Significant military victories against The Islamic State of Iraq and the Levant (ISIS) and the Islamic State have been achieved to date. Since 2014, estimates are the group has lost approximately 45 percent of its territory in Iraq and 10 percent in Syria. Military campaigns continue to diminish the group’s ability to exercise full control over large swaths of territories in Iraq and Syria and its membership base in general, as well as its ability to finance itself through the sale of oil, antiquities, slaves, and through taxing and extorting monetary payments from its civilian population. Pentagon sources have also reported a decline in the number of foreign fighters going to Iraq and Syria from 2,000 to 500, and perhaps dropping as low as 200 a month.
The battle is also being fought through a combination of hard and soft power measures. Abu Muhammad al-Adnani, Islamic State’s spokesperson—and according to some sources also responsible for plotting and directing the recent terrorist attacks in Brussels, Istanbul, and Paris—was recently killed in Aleppo, also sending a significant blow to Islamic State’s core leadership.3
Omar al-Shishani, a top Islamic State commander and a veteran of the Chechen jihadi war, was also recently killed. These were two battlehardened and charismatic leaders suddenly removed from ISIS through airstrikes. Efforts have also been directed at reducing the flow of foreign fighters to Iraq and Syria, with beginning efforts at targeting ISIS narratives and propaganda on the Internet and social media. Efforts are also being made to exploit rivalries and feuds between ISIS and competing groups on the ground to delegitimize and diminish the appeal of militant jihad to volunteers and foreign fighters, including through the lens and stories of those who have defected or disengaged from the group.

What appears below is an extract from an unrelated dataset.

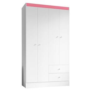 Guarda Roupa Solteiro Versa 4 Portas Branco Rosa Flex Fosco - Kits Paraná
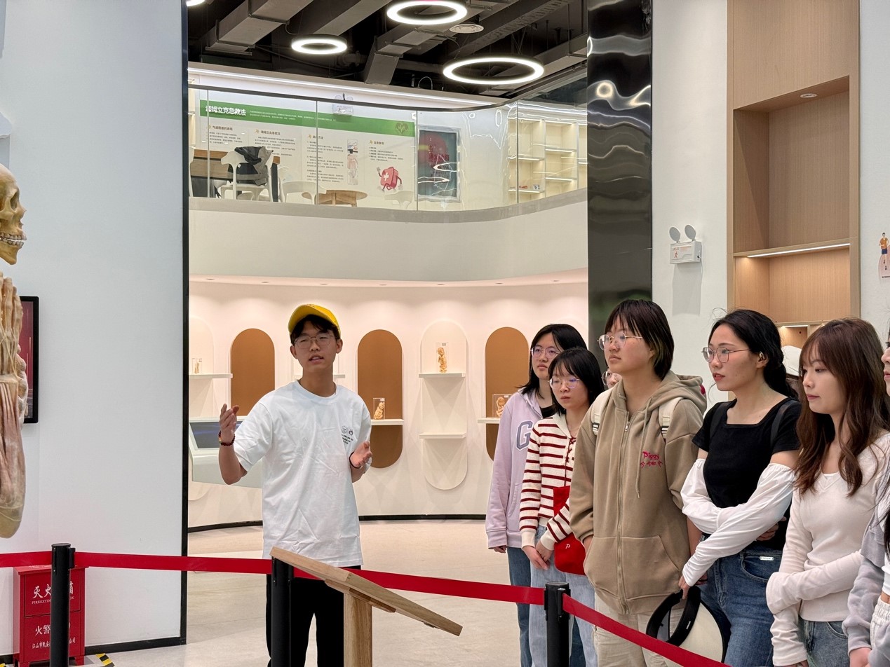 在志愿者引导下,法公司师生参观了生命科学馆序厅、遗体与器官捐献感恩纪念区、生命孕育区、九大人体系统标本展区、人体断层与病理标本展区。馆内陈列的标本不仅展示了人体结构的奥秘,更深刻传递了“大体老师”无私奉献的崇高精神。

Despite progress, ISIS remains a formidable force with a military presence in Iraq and Syria, including struggling affiliates in Libya, West Africa, Egypt, Lebanon, and Yemen. ISIS maintains a solid contingent of foreign fighters still under its control who pose both a terrorism threat to the West and a serious risk to the regional stability in the Middle East. It also maintains an impressive social media presence that resonates with many militant jihadi wannabe volunteers worldwide, in particular homegrown terrorists who ISIS sometimes directs and other times only inspires.
The United States (U.S.) counterparts, particularly in Europe, continue to struggle with border enforcement. While Turkey has often ignored the streams of foreign fighters moving across its borders into Syria to join ISIS, Greece found itself overwhelmed with its porous borders and lack of cooperation with Turkey in stemming the flow of illegal immigrants. Difficulties for Turkey’s security services also arise from their inability to distinguish foreign fighters from innocent holiday goers who booked resort packages in Turkey, but who instead of vacationing, enter ISIS from Turkey for short training sessions to be sent quickly back home for attacks launched sometime in the future.
It is also difficult to track individuals who have left and returned from the battlefield in Iraq and Syria, much less gather enough evidence to prosecute. From a legal standpoint, prosecuting them is difficult as it places a requirement on the state to prove that travels to Syria or Iraq entailed engagement in terrorism or that a suspect returned to commit a terrorist act. Interviews with law enforcement officials in the Balkans, specifically in Kosovo, revealed the issue of how some ISIS cadres are declaring themselves killed on social media and then cross borders illegally to return home, living without papers under the radar of government and security services. Despite the European members’ commitment to strengthen efforts against the potential foreign fighter threat, barriers in the areas of information and intelligence sharing, mainly due to data privacy and national sovereignty and security concerns, continue to persist. Moreover, poor data sharing across the separate EU nations will continue to be an issue as ISIS cadres flee Syria and Iraq to return home. Some of the same issues represent a barrier to U.S.-European cooperation as well.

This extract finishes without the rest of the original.